第80章 進展
「あとね、これ」
「ふぁっ!?」
涼太の手から渡されたまさかの追加のプレゼントに、変な声が出た。
今度は、可愛らしい袋のラッピング。
30センチもない、縦長の袋。
「涼太! 今プレゼントを頂いたばかりですけれども!」
「うん、だからこれもプレゼント」
「待って、これからプレゼントは1お祝いにつき1つにして貰ってもいいですか!?」
もう、本当に貰い過ぎ!!
1つだけにしてもらうように、約束しなきゃ!
「いいんスよ、そんなキレイなモンじゃないんス」
「え?」
突然涼太が見せた表情は、さっきまでのものとは全く違っていて……うまく表現が出来ないけれど、どこか自嘲めいてるというか。

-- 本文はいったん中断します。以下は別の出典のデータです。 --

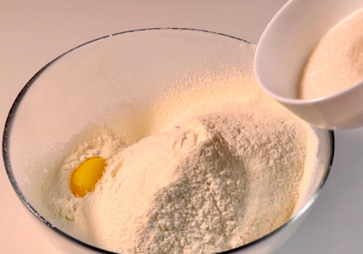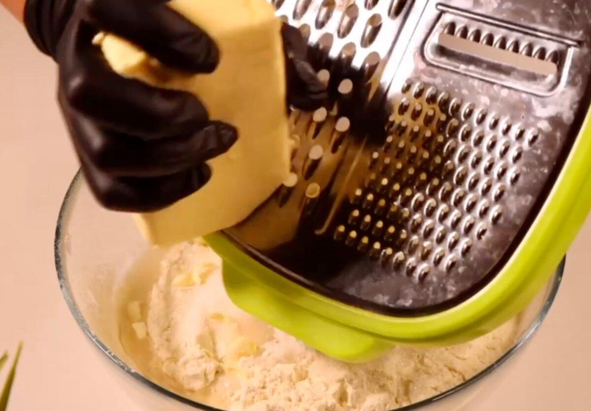 Спочатку готуємо тісто для основи нашого пирога. У глибокій чаші змішуємо просіяне борошно, жовток, цукор, розпушувач і воду. Далі тремо на великій терці холодне вершкове масло.

「色々さ、オレの企みが詰まったプレゼントだから。いいんスよ」
「……?」
企み?
プレゼントに?
涼太の言っている意味が全く分からなくて。
いくら考えても分かりそうにないから、とにかく開けてみよう。
「えっと……開けて、いい?」
「大したモンじゃないっスよ」
ドキドキしながら袋から取り出した……これは、ペンケースだ。
私が大好きな、海常ブルーとホワイトのストライプ。
「わ、ペンケース……すっごく綺麗な色」
柔らかい素材のそれは、非常にシンプルなつくり。
滑りの良いファスナーを開けると、新品って感じの香りがした。
……これに、何の企みが込められていると言うんだろう?
「嬉しい……ありがとう。大切に使うね」
「みわのペンケース、穴開いてるからずっと気になってたんスよね」
「うっ」
高校生の頃に買った雑貨屋さんのペンポーチ、薄い布製のものだったから、ペン先等に刺激されて横の部分が裂けてしまっていたの。
まだ使えるし、買い替えるのも勿体無いからと安全ピンで留めていたんだけれど……気付かれていたなんて。